Taking the entries below, transcribe only the lines starting with the one with "광주시 삼동에 위치한" and going on through the one with "2020考研数学二真题完整版", exactly as written, without the pictures.

*** Records shown Section Begins ***

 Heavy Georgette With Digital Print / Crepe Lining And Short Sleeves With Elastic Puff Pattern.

*** Records shown Section Ends ***
*** Records shown Section Begins ***

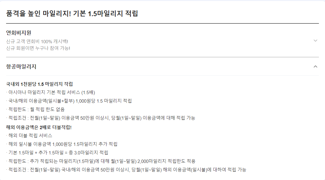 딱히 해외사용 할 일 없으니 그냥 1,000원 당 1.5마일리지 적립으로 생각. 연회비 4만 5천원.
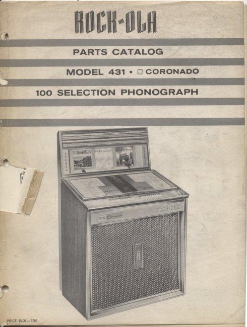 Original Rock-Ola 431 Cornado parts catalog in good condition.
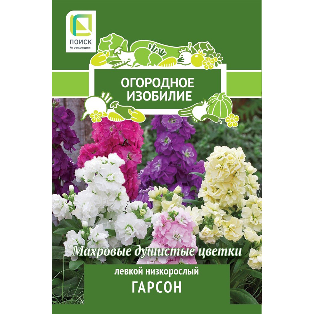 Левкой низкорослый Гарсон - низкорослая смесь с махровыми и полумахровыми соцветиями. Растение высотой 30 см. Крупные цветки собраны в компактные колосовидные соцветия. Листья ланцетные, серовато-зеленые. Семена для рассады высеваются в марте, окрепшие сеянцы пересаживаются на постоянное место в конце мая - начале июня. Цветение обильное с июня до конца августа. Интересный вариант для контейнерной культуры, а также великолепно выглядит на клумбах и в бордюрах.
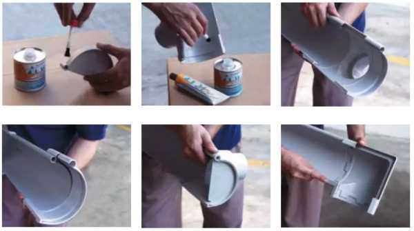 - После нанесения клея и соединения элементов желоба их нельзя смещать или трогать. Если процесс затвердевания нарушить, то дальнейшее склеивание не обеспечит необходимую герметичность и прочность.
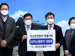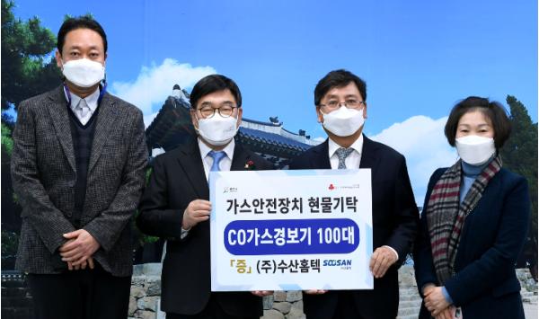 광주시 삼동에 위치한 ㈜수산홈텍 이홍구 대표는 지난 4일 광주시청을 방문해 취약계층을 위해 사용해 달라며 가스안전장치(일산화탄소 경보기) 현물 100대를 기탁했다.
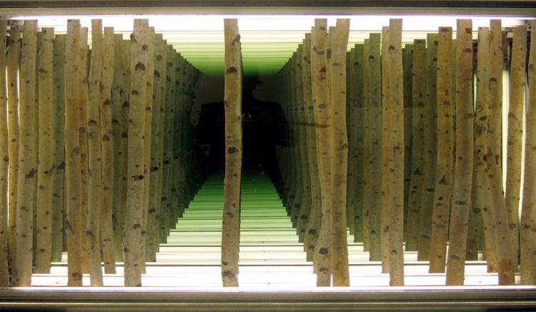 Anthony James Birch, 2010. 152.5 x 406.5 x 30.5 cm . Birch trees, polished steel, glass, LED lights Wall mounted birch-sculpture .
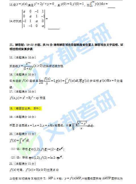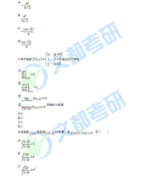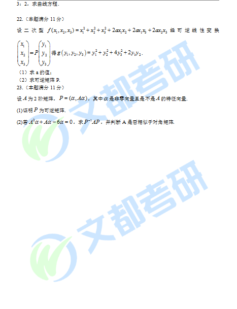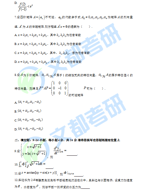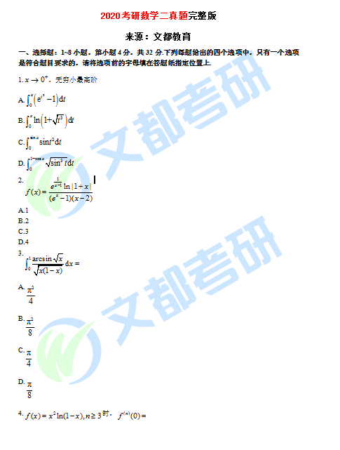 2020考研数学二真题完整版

*** Records shown Section Ends ***
*** Records shown Section Begins ***

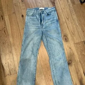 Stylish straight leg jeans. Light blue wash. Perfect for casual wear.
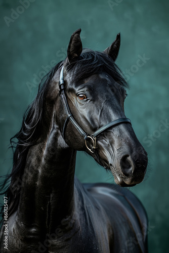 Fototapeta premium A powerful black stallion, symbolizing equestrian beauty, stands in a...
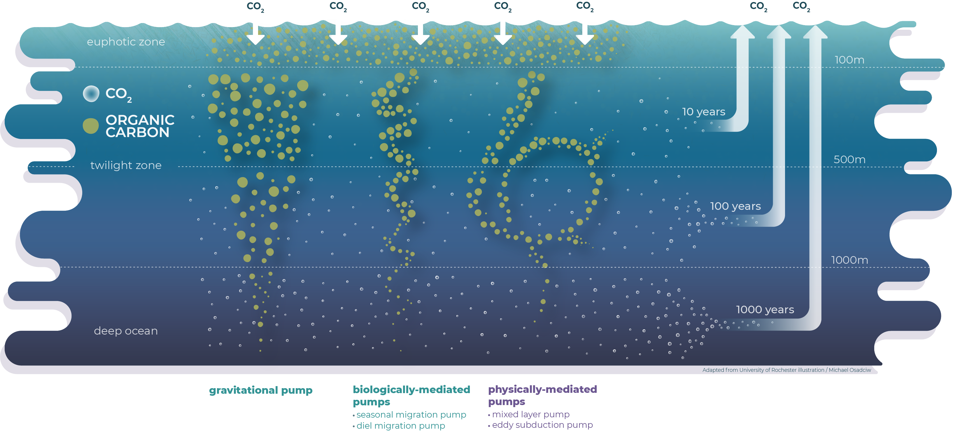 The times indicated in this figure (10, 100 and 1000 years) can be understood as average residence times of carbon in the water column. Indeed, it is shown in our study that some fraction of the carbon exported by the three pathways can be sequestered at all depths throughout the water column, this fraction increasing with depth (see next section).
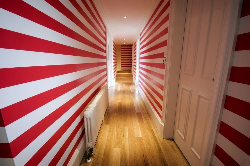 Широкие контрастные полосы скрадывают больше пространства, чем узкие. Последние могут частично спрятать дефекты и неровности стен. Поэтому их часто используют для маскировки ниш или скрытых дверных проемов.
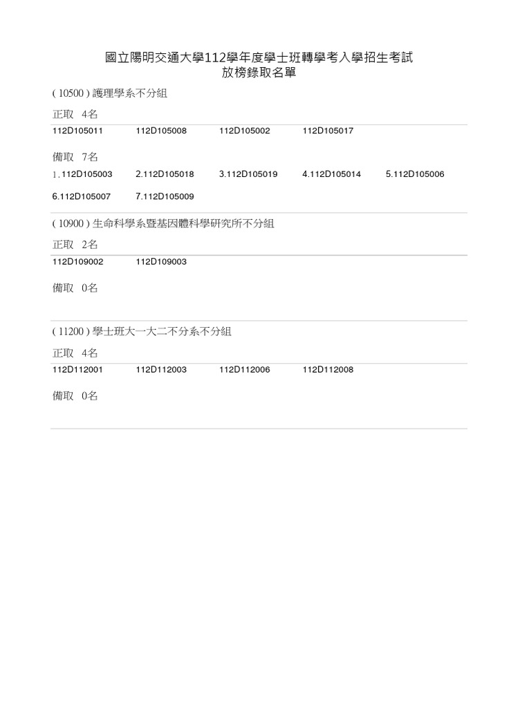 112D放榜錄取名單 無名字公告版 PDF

*** Records shown Section Ends ***

#### Exercise answer
 광주시 삼동에 위치한 ㈜수산홈텍 이홍구 대표는 지난 4일 광주시청을 방문해 취약계층을 위해 사용해 달라며 가스안전장치(일산화탄소 경보기) 현물 100대를 기탁했다.
 Anthony James Birch, 2010. 152.5 x 406.5 x 30.5 cm . Birch trees, polished steel, glass, LED lights Wall mounted birch-sculpture .
 2020考研数学二真题完整版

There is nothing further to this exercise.